In my last blog, Advocate 18/5, I had cause to amend a statement I made re Genesis opening the gates to let the build up of sediment behind Rangipo Dam into the river. Cam Speedy of Genesis corrected me and I changed to blog to correct my error nand I repea Cam’s email here,
Just a point of clarification around the Tongariro Recreational Releases over the weekend. The scheduled Rec Releases were for Saturday from Poutu Intake (which went ahead) and on Sunday from Rangipo Dam. The Rangipo release on Sunday was cancelled because of the heavy rain and the lack of ability to control the water flows, thereby allowing the delivery of a known quantum of water. Rangipo Rec Releases are achieved by spilling at the Rangipo Dam, not by opening up the sluice gates. Sluicing sediment from the Dam requires a specific set criteria to be met and those criteria were not met on Sunday, so the sluice gates were not opened. The dirty water is, we think, a result of some slips in the headwaters of the Waihohonu River and Mangatoetoenui, which have (naturally) been adding a large sediment load to the river for the past couple of months. There is a helicopter flight today, in fact, to help understand why the sediment load of these tributaries continues to be so high.
Simon’s PhD thesis is available here.
My revised thesis has now been accepted and is online:
This is a stable link so please feel free to add this link to your website.
Simon’s thesis is also in library under key documents.
Further planting at the Hydro Pool area at end of Kutai Street
If you are available to help it would be much appreciated.
Thanks for being part of this restoration project!
This is our 2nd planting at this site, and we’ve learnt a bit from last time!
Thanks Dave Cade for offering such wonderful help in the form of team members helping to scrub bar the final area (‘area C’) and organising the use of a ‘LUV’ (a quad bike with a cage) and trailer to move the plants from the back of the delivery truck, over the stock bank and to the planting site. This will make the start of the day so much easier!!!
We are planning on meeting at the end of Kutai Street, beside the Tongariro River at 8.30am to arrange the plants ready for planting which will start at 10am. There are 1,200 plants to plant. Once planting is nearing completion, we will spark up the PT BBQ – please join us for this!
Pianika – if possible, can we have some of your fit and strong staff to help move and lay out the plants in the morning? And if anyone from your team can join us (kids included) for the ‘planting’!
Eric – please pass on the planting day details – I’ve attached a copy of the poster to this email, and I will be delivering posters around town this afternoon. I will also create a face book ‘event’ so please also share this.
Please fire me any questions if I’ve missed anything.
I have been away again and not fished for a while. The reports I have received indicate that there are few anglers around and that the fish have not yet started the big runs to attract anglers. However there are fish at the delta as this photo shows and many of the fish are of good quality and size.
Before going away I did catch and keep two small fish (just under 40 cms) which when opened were beautiful colour and full of roe close to spawning. It made me think that previous size limits allowed these fish to spawn and cause me to wonder the impact on the fishery of small fish spawning.
In my absence, a friend who came to fish, told that there had been another small flood of about 220 m3per second. He managed when the flow rate dropped to 80 m3per second to land two brown trout on the river edge. One is pctured below.

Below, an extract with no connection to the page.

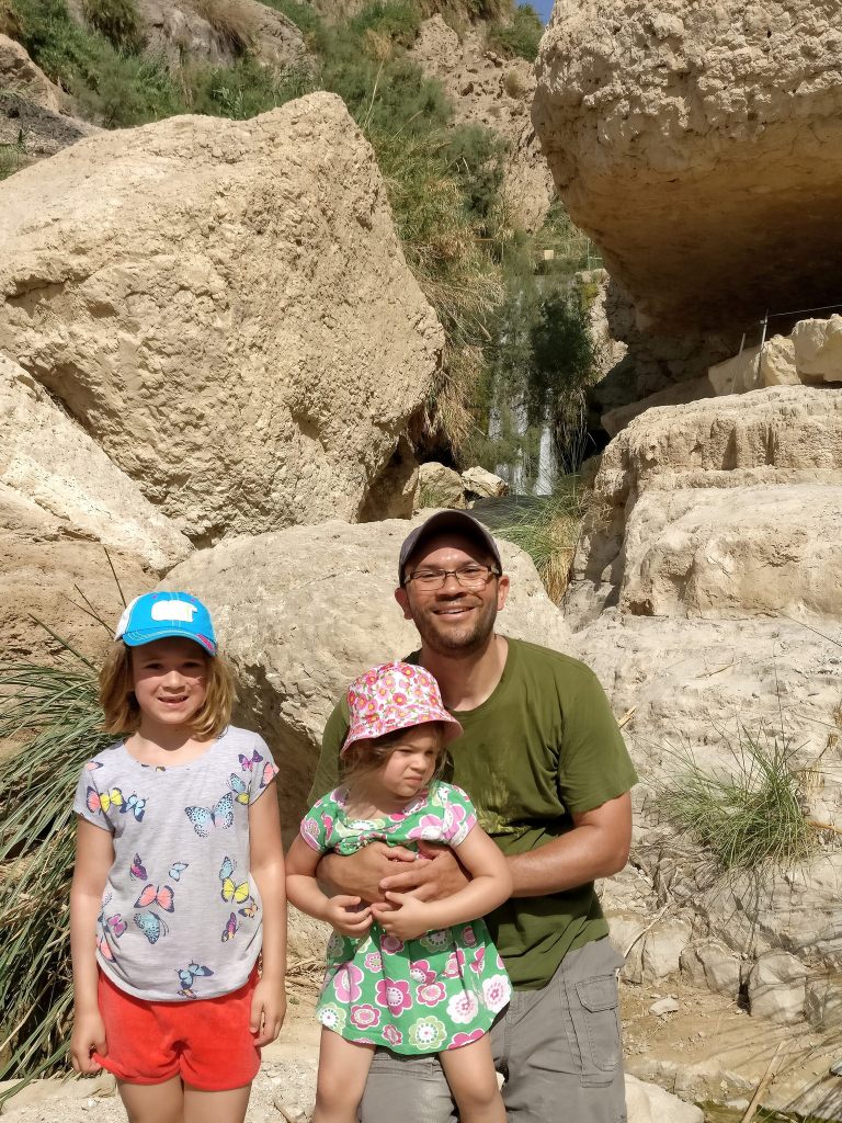 Thursday morning we all got up early and made our way over to the hotel restaurant for breakfast. The spread was incredible with just about anything you could possibly want to eat. Shakshuka is the breakfast food of my dreams. I have to learn how to make it. The chef was making the rounds and struck up a conversation with the girls. It turns out that he is originally from Montreal, but now splits his time between Ein Gedi and Jerusalem and was very playful with Millie and Aviva for our entire stay. Here’s a photo of the room, complete with patio out front.

There is the strong influence of winter. I don’y mind the cold but the wind chill makes it much colder than the temperature indicates. As I write the sun is shining but there is still a strong wind. Only the very tops of the ranges have snow but Mt Ngauruhoe was white as we returned across the Desert road an Sunday.
I feel for Dairy farmers and the stress created for them by the Mycoplasma bovis infection. There is an estimated cost of $870,000,000. Yet it currently affects, according to this mornings Dominion Post, 240 farms out of 12,000 herds nationally. I think those farmers unaffected are keeping an anxious watch on their farms and hoping that they will not be affected.

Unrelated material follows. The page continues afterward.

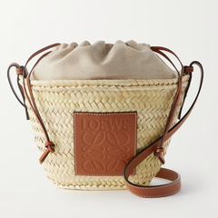 法国站降价!LOEWE x Paula's Ibiza 皮革边饰拉菲草水桶包

So as an angler with more than 50 years enjoyment from trout fishing it is my desire that my grandchildren and all that follow can enjoy the experience that I have had. Aquatic pests are many. There is Didymo. Lake snow. Hornwort. Snapping turtles. Catfish. The list is long. The point is that in order to keep what we have to enjoy today we must all play our part. Keep clean gear. Check Clean Dry is all that we have but it is our vigilance that is crucial. This is more so when travelling between different rivers and areas of the country.